Problem description:
Where the material below has a line containing "저음 볼륨 조절 가능)", start repeating exactly, and keep going through the line containing "Karneol, Goldfluss usw.", with no other lines.

Top of Task input

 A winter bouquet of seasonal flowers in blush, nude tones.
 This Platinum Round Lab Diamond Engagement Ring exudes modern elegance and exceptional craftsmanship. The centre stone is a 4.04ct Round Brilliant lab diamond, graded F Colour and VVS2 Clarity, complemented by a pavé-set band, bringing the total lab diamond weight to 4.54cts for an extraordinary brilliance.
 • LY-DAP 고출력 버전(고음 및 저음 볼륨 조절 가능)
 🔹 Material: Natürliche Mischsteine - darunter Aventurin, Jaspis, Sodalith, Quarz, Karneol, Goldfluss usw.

Bottom of Task input
Top of Task input

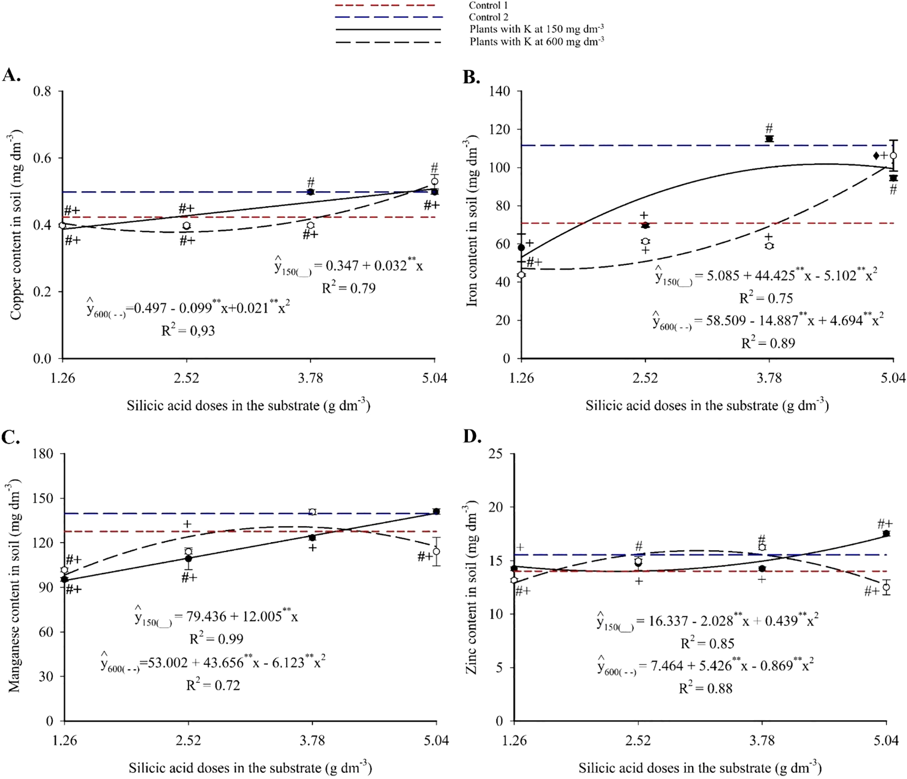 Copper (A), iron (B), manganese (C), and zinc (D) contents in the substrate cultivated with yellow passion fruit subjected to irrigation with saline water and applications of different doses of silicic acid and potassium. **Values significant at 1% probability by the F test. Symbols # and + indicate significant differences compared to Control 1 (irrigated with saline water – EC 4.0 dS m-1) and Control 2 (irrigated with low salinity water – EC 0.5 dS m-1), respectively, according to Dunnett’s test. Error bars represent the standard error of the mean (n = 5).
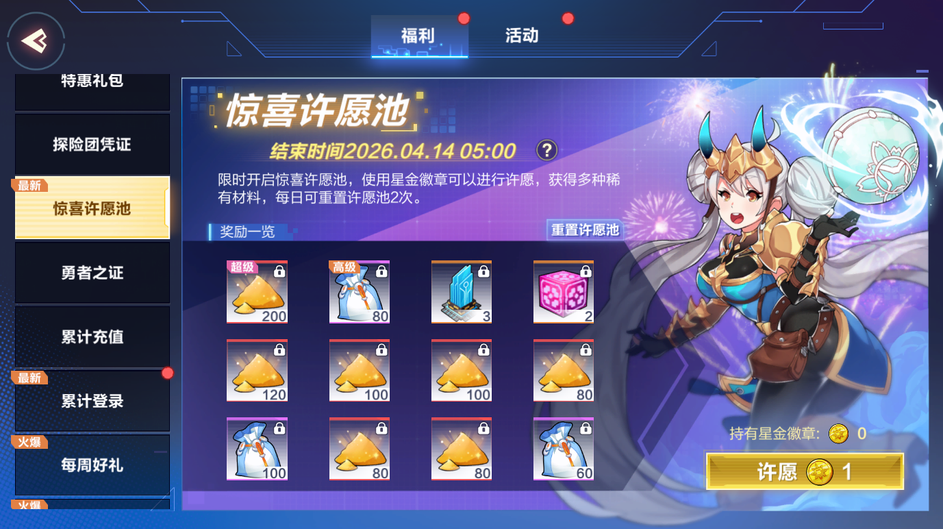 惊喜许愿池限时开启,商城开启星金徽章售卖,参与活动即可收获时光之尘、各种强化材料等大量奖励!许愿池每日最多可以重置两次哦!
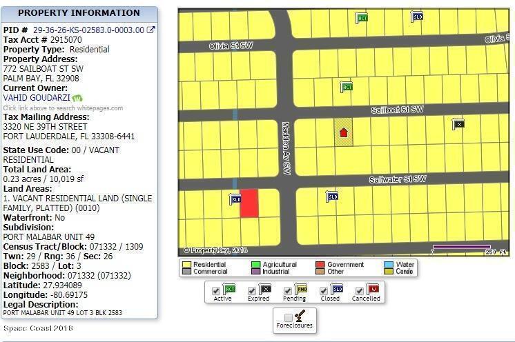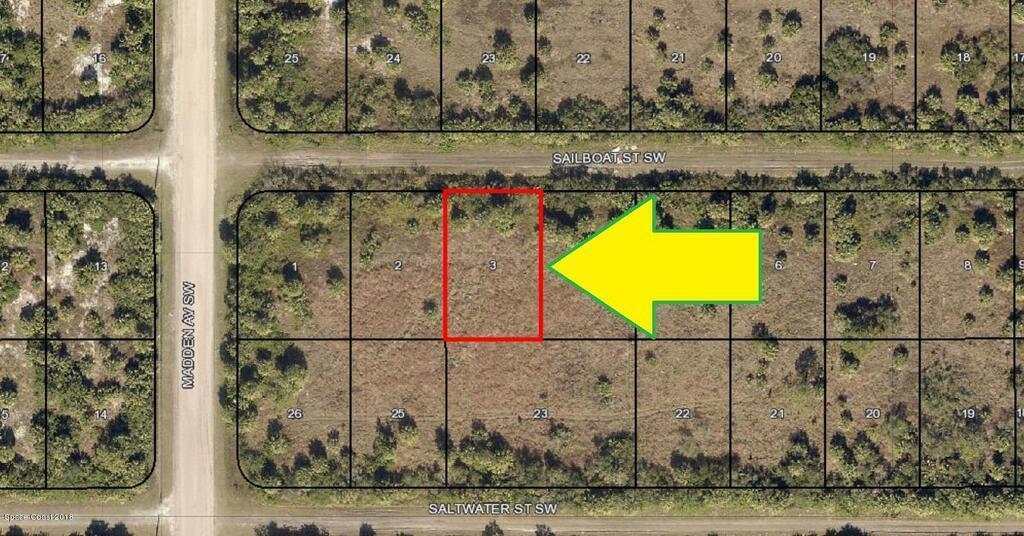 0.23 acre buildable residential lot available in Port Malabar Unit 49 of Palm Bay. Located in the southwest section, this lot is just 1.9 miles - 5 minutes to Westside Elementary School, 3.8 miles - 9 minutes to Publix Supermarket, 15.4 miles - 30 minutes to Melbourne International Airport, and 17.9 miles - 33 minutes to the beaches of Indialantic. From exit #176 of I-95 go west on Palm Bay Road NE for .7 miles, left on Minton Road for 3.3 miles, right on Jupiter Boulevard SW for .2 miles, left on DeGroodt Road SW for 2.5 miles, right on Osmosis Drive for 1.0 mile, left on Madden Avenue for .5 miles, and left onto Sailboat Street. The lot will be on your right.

Bottom of Task input

Response below:
 • LY-DAP 고출력 버전(고음 및 저음 볼륨 조절 가능)
 🔹 Material: Natürliche Mischsteine - darunter Aventurin, Jaspis, Sodalith, Quarz, Karneol, Goldfluss usw.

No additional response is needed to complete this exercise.